Net zoals God in het geval van Abraham de paraplu van zijn
genade over zijn hele huishouden wil openen (inclusief kinderen,
slaven en vreemdelingen), zo doet Hij dat ook in het NT (zie Hd 2
en Hd 16).
Zo zien we iets van de genadige asymmetrie van het verbond. Het
is een groot woord, maar het betekent gewoon dit: God neemt
alles in het verbond voor zijn rekening. Hij eist het niet van ons!
Het is niet een relatie van gelijke partners, maar een relatie
waarin één partner alles doet, en de ander niets. (Kijk naar
Abram die ligt te slapen terwijl God alleen tussen de
doorgesneden dieren doorgaat – Gen 15. Denk ook aan Jezus aan
het kruis).
Er is dus iets objectiefs aan het verbond en het teken van het
verbond: het gebeurt bijna buiten jou om, alsof je van buiten
alleen toekijkt. Het is alsof er een contract wordt gesloten dat
jouw leven volledig gaat bepalen, maar jouw handtekening wordt
niet gevraagd.
Juist daarom was het voor het volk Israël belangrijk de verhalen
van de grote daden van God te vertellen om het teken van de
besnijdenis aan de kinderen uit te leggen. Het doel van dat
vertellen was dat ook de volgende generaties God zouden
kennen, liefhebben, vertrouwen en gehoorzamen (Ps 78.5-7).
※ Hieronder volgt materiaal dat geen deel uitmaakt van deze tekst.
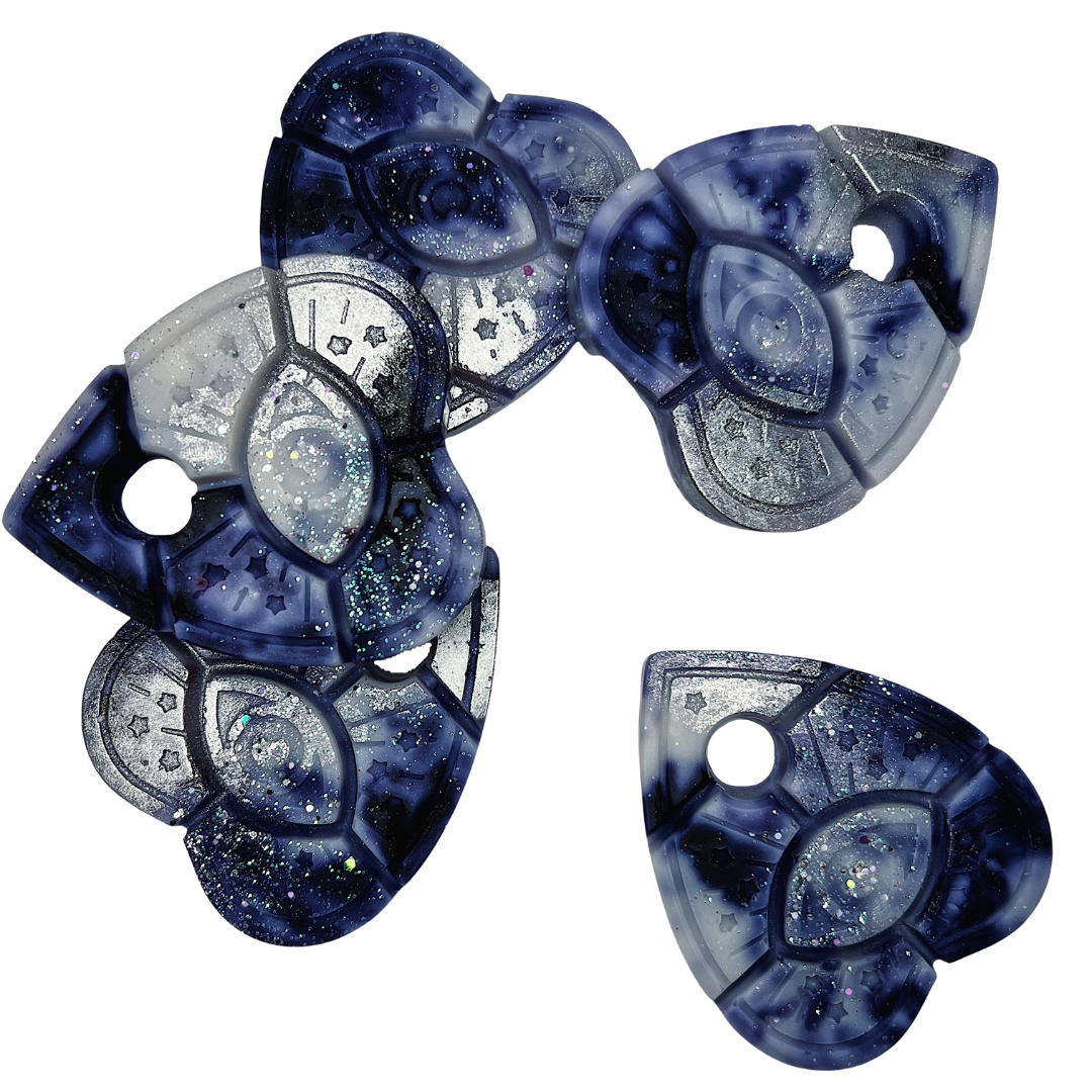Soy wax snap bar shaped as a traditional planchette & packaged in a biodegradable sleeve

De verbondsgemeenschap wordt ook veranderd door een aantal
verschuivingen in de cultuur om ons heen:
van gemeenschappelijkheid naar individualisme
van objectieve gebeuren naar subjectieve beleving: we willen
niet dat God alles ervaart terwijl wij liggen te slapen
naar groter autonomie: we willen niet dat anderen namens
ons beslissen
naar hier en nu: we willen niet leven in een groot verhaal dat
altijd hetzelfde is, maar leven van moment tot moment.
Morgen is alles anders…




F Krüger
Om over na te denken
1.
Wat zegt het woord “sacrament” over de manier
waarop we omgaan met doop en avondmaal?
2.
Hoe helpt het verbond van God jou in het nadenken
over doop en overdoop?
3.
is het echt de bedoeling dat we zo passief moeten zijn
in het ontvangen van de sacramenten? Is de doop
hierin gelijk aan het avondmaal?
4.
Hoe ervaar jij de rol van de verbondsgemeenschap in
de Zaankerk, ook rondom de doop van kinderen?
5.
Zie je in je eigen leven iets van de vier verschuivingen
in onze cultuur terug?
6.
Hoe kunnen we tot verbondsvernieuwing komen in ons
leven? (Denk aan de doop van Johannes de Doper!)
7.
Hoe verhouden zich doop en avondmaal zich tot
elkaar in dit verband?
Derde bouwsteen: verbondsgemeenschap
Je doop is heel persoonlijk: je wordt op je naam genoemd
wanneer je gedoopt wordt in de naam van de Vader, de Zoon en
de Heilige Geest. God zegt: ik wil jouw God zijn – leef met mij!